Stopzetten bouw biobrandstoffabriek kost Shell minstens half miljard euro

Shell houdt rekening met een tegenvaller van ten minste 554 miljoen euro voor het stilzetten van de bouw van een fabriek voor het maken van biobrandstof, in de haven van Rotterdam. De kosten zouden zelfs kunnen oplopen tot bijna 1 miljard.

Het olie- en gasconcern maakte eerder deze week bekend dat het bedrijf er nu op mikt de fabriek in 2030 in gebruik te nemen, in plaats van dit jaar.

Met veel bombarie maakte Shell in september 2021 bekend een grote fabriek voor biobrandstoffen te bouwen in Pernis. De eerste brandstof, hoofdzakelijk bedoeld voor het bijmengen in vliegtuigen, moest daar dit jaar geproduceerd worden.

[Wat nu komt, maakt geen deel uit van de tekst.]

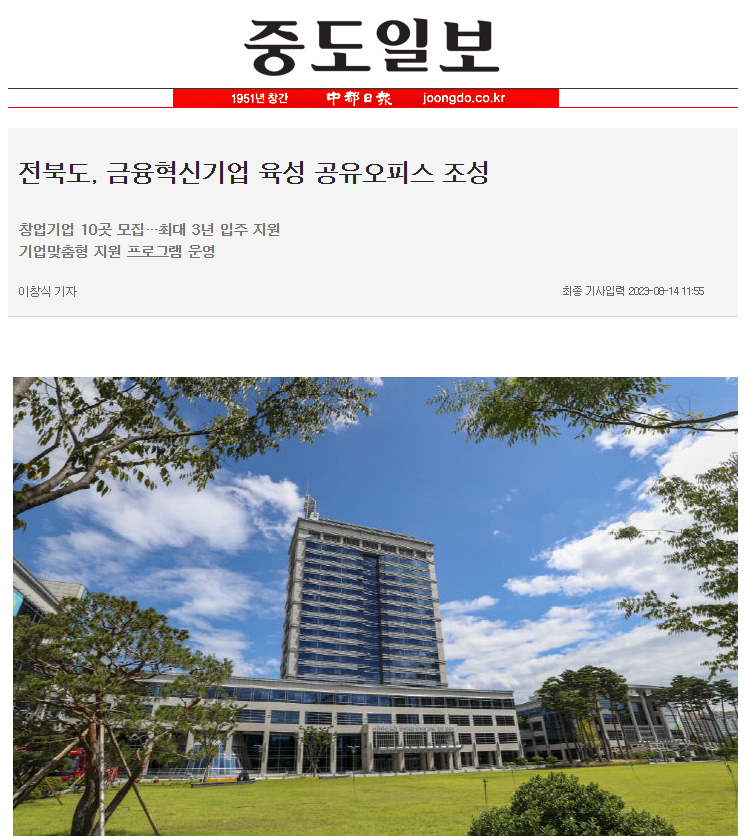 [중도일보] 전북도, 금융혁신기업 육성 공유오피스 조성(2023.08.14.)
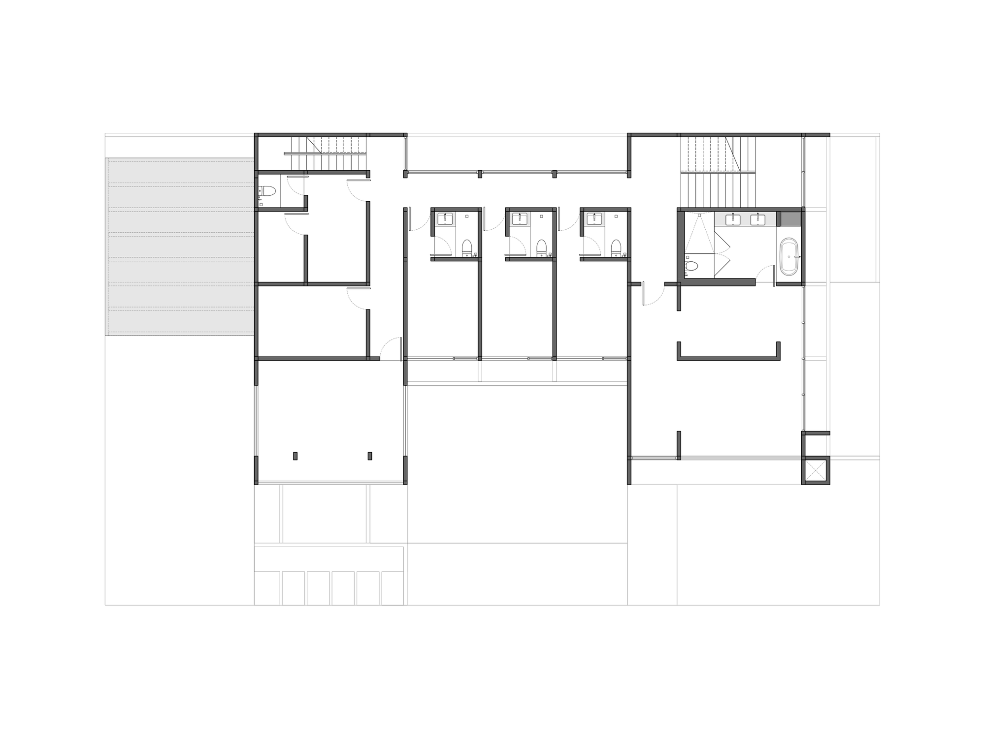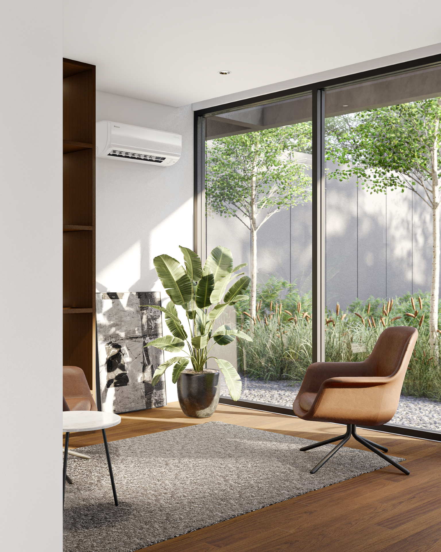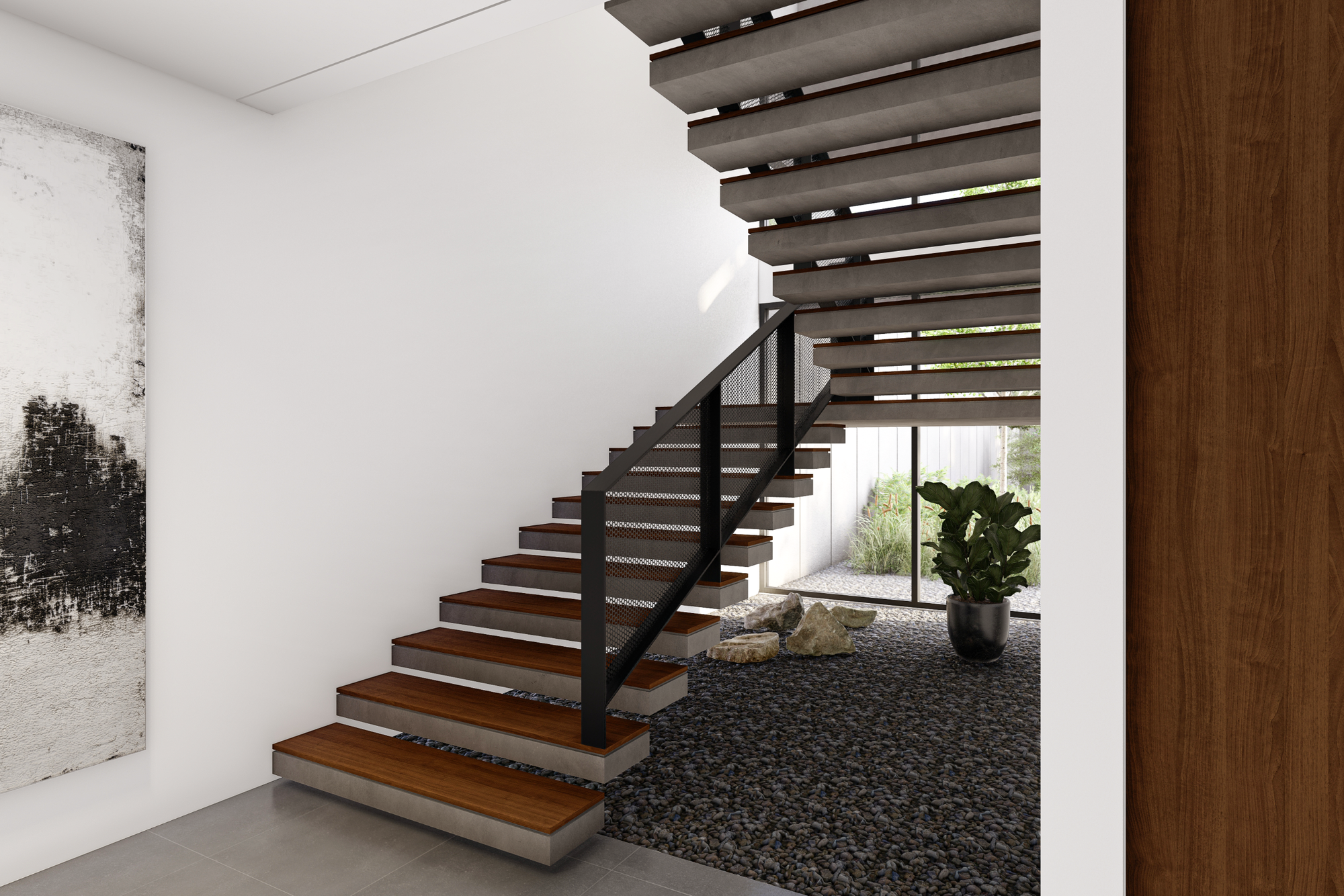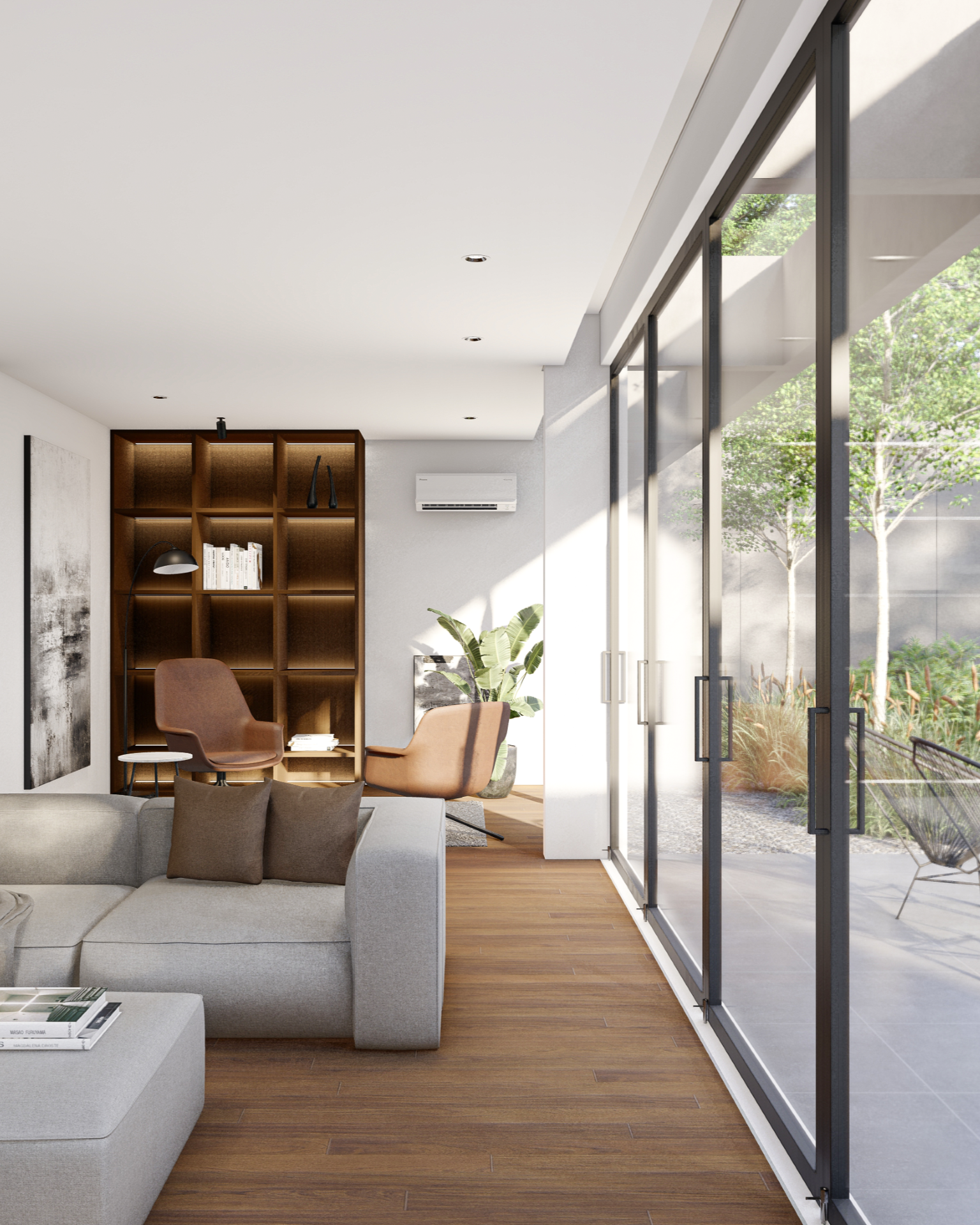 House by The Garden dirancang sebagai sebuah eksplorasi arsitektur kontemporer yang mengedepankan ketenangan, privasi, dan keterhubungan dengan alam. Dari tampilan fasad depan, bangunan ini langsung memperlihatkan komposisi massa yang tegas namun tetap bersahaja, memadukan elemen beton ekspos, bidang putih yang bersih, serta kisi-kisi kayu vertikal yang hangat. Keseluruhan komposisi tersebut membentuk ekspresi arsitektur yang modern, berkarakter, dan tidak berlebihan.

Shell zegt te maken te hebben met zowel technische uitdagingen bij de bouw van de fabriek, als tegenzittende marktomstandigheden. Shell wil wachten tot luchtvaartmaatschappijen verplicht worden meer biobrandstof bij te mengen dan nu het geval is. Voor de huidige verplichtingen is er namelijk al voldoende zogenoemde Sustainable Aviation Fuel (SAF) op de markt. SAF is veel duurder dan kerosine, dus zullen luchtvaartmaatschappijen vanuit hun concurrentieoverwegingen niet vrijwillig duurdere brandstof gaan tanken.